The Fishery officials were of the view that overpopulation of the Tilapia in the pond was the likely cause behind their mass death, with lack of oxygen, food and space being the accounting factors. The temple authorities have taken a decision to remove the Tilapia fish from the pond, as they breed rapidly and are also an invasive species.

Herpetologist Jayaditya Purkayastha who has been studying the herpeto-fauna in temple water-bodies, especially turtles, said that overpopulation of the fish and the resultant oxygen shortage could have contributed to the fish deaths.

“Assuming that poor water quality caused the deaths, we will need a detailed analysis of the water samples to pinpoint the cause. But, that also does not explain why only a particular variety was affected in large numbers. It is likely that overpopulation of fish is the cause,” Purkayastha said.

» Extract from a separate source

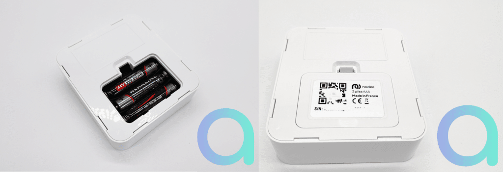 Les 3 piles AAA, offrant une autonomie de 2 ans, s’insèrent à l’arrière du module, sous la zone où vous collez le velcro. Sur le capot se trouve le numéro de série et un QR Code servant à l’installation de l’appareil. Il suffit de scanner le code pour associer le détecteur à son compte.
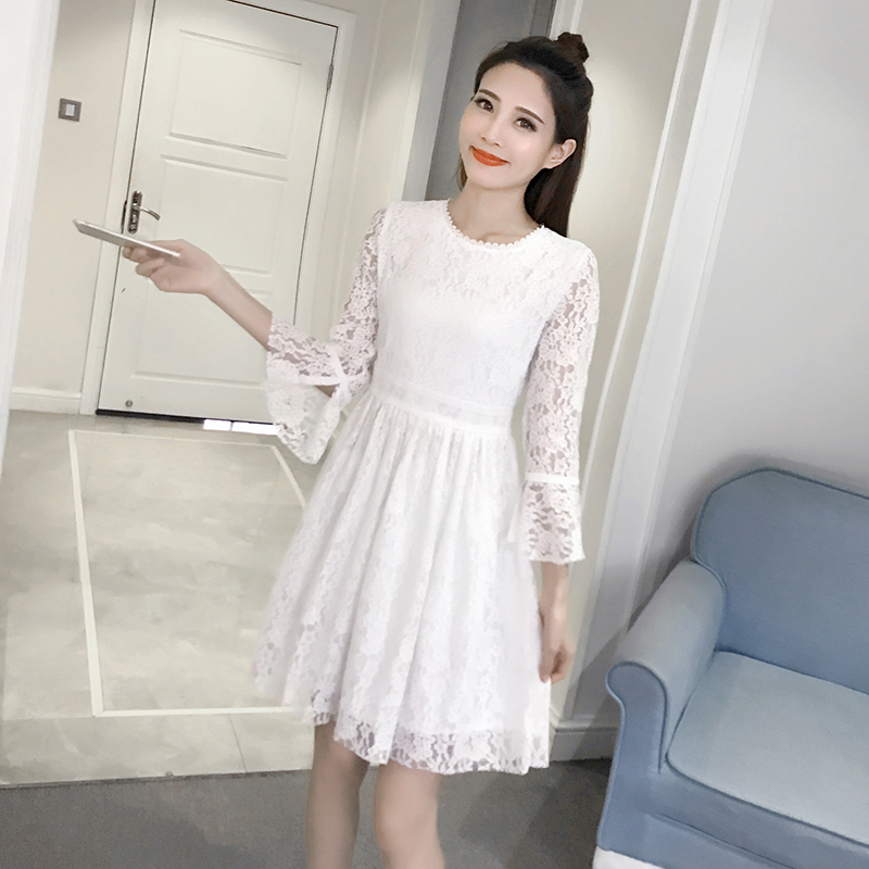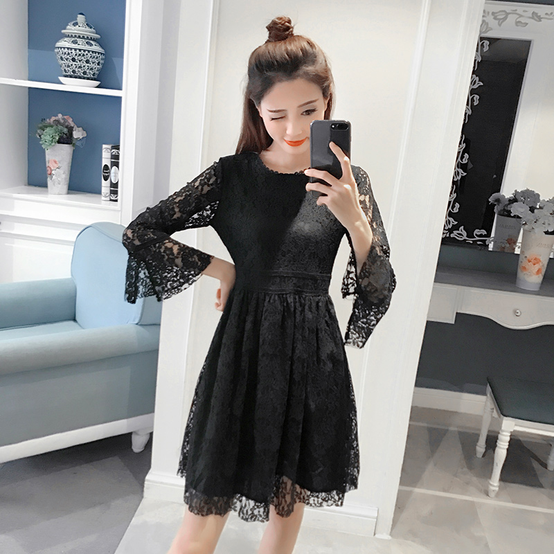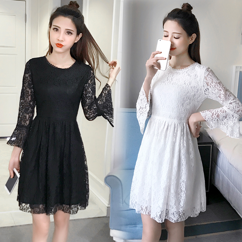 春裝新款女裝韓版喇叭袖打底裙女修身高腰長袖蕾絲連衣裙秋冬

He also suggested that beautification and maintenance of temple ponds take into account the ecological concerns, more so in view of the fact that many temple water-bodies supported large-scale biodiversity, especially turtles.

“The slopes and banks of ponds are often concretised in the name of beautification and preservation, but such developments affect the pond’s ecology and water quality. Worse, it robs the turtles of their resting and breeding space as is happening at Ugratara,” he added.

Kailash Sarma, social activist and a local resident, was also critical of the maintenance of the pond. “The pond is clearly overpopulated with fish, particularly the Tilapia. The turtles are also staring at an uncertain future following the concretisation of the banks. The temple authorities need to consult ecologists and also the Archaeological Survey of India before proceeding with renovation work, as it is a historic water-body dating back to the Ahom reign,” he said.

Sarma also alleged that the GMDA which was doing the renovation work in and around the pond was not quite up to the task and failed to accomplish it in a wholesome manner,” he said. The Ugratara temple pond was excavated by Bar-Raja Phuleswari, the queen of Ahom king Shiva Singha, in early 18th century.